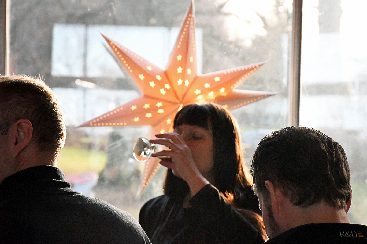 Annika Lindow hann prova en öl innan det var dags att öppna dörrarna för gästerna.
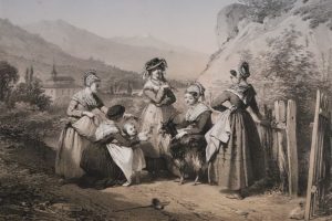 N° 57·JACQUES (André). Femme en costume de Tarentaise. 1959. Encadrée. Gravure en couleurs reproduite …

==

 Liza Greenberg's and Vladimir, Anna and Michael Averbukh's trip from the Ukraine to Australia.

» Problem to solve:
When you reach the line with "Annika Lindow hann" in the records above, begin repeating the lines exactly, and stop after the line with "N° 57·JACQUES (André).". Skip all pictures.

» The answer:
 Annika Lindow hann prova en öl innan det var dags att öppna dörrarna för gästerna.
 N° 57·JACQUES (André). Femme en costume de Tarentaise. 1959. Encadrée. Gravure en couleurs reproduite …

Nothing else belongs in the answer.